BEGIN RECORDS FOR PROCESSING
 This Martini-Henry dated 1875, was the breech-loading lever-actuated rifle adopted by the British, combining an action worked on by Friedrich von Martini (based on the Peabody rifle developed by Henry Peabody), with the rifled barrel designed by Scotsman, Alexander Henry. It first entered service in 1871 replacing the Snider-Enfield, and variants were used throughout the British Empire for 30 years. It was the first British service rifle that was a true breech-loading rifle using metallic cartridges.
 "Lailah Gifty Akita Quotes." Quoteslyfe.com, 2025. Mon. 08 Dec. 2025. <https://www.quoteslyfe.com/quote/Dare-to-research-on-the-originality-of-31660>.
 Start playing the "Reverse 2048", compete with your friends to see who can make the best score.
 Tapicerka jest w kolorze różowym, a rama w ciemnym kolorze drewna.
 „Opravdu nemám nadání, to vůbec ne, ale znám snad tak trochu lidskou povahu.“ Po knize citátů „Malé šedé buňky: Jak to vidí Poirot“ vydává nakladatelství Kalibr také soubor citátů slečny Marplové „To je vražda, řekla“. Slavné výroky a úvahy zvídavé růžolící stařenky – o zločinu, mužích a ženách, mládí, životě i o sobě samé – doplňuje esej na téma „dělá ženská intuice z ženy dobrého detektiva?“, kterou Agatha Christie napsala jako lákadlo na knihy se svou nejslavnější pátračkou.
END RECORDS FOR PROCESSING
BEGIN RECORDS FOR PROCESSING
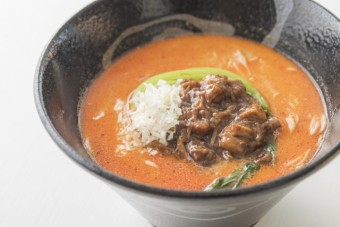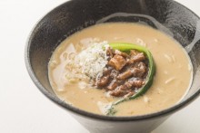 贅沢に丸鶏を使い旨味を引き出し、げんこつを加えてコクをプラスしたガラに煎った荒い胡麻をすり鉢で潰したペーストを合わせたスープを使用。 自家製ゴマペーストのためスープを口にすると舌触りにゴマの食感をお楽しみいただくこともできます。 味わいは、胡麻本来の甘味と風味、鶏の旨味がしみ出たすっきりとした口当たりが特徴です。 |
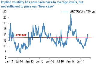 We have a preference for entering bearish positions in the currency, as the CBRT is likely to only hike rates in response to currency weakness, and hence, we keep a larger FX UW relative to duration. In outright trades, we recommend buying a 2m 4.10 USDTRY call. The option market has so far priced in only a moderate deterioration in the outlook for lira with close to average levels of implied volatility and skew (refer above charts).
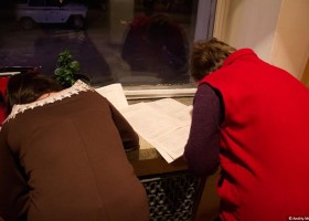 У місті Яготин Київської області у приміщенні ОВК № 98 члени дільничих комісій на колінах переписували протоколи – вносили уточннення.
END RECORDS FOR PROCESSING
Return exactly, and only, the lines above starting at the line that contains "Tapicerka jest w" and ending at the line that contains "svou nejslavnější pátračkou.".

▸ **OUTPUT OF THE EXERCISE**:
 Tapicerka jest w kolorze różowym, a rama w ciemnym kolorze drewna.
 „Opravdu nemám nadání, to vůbec ne, ale znám snad tak trochu lidskou povahu.“ Po knize citátů „Malé šedé buňky: Jak to vidí Poirot“ vydává nakladatelství Kalibr také soubor citátů slečny Marplové „To je vražda, řekla“. Slavné výroky a úvahy zvídavé růžolící stařenky – o zločinu, mužích a ženách, mládí, životě i o sobě samé – doplňuje esej na téma „dělá ženská intuice z ženy dobrého detektiva?“, kterou Agatha Christie napsala jako lákadlo na knihy se svou nejslavnější pátračkou.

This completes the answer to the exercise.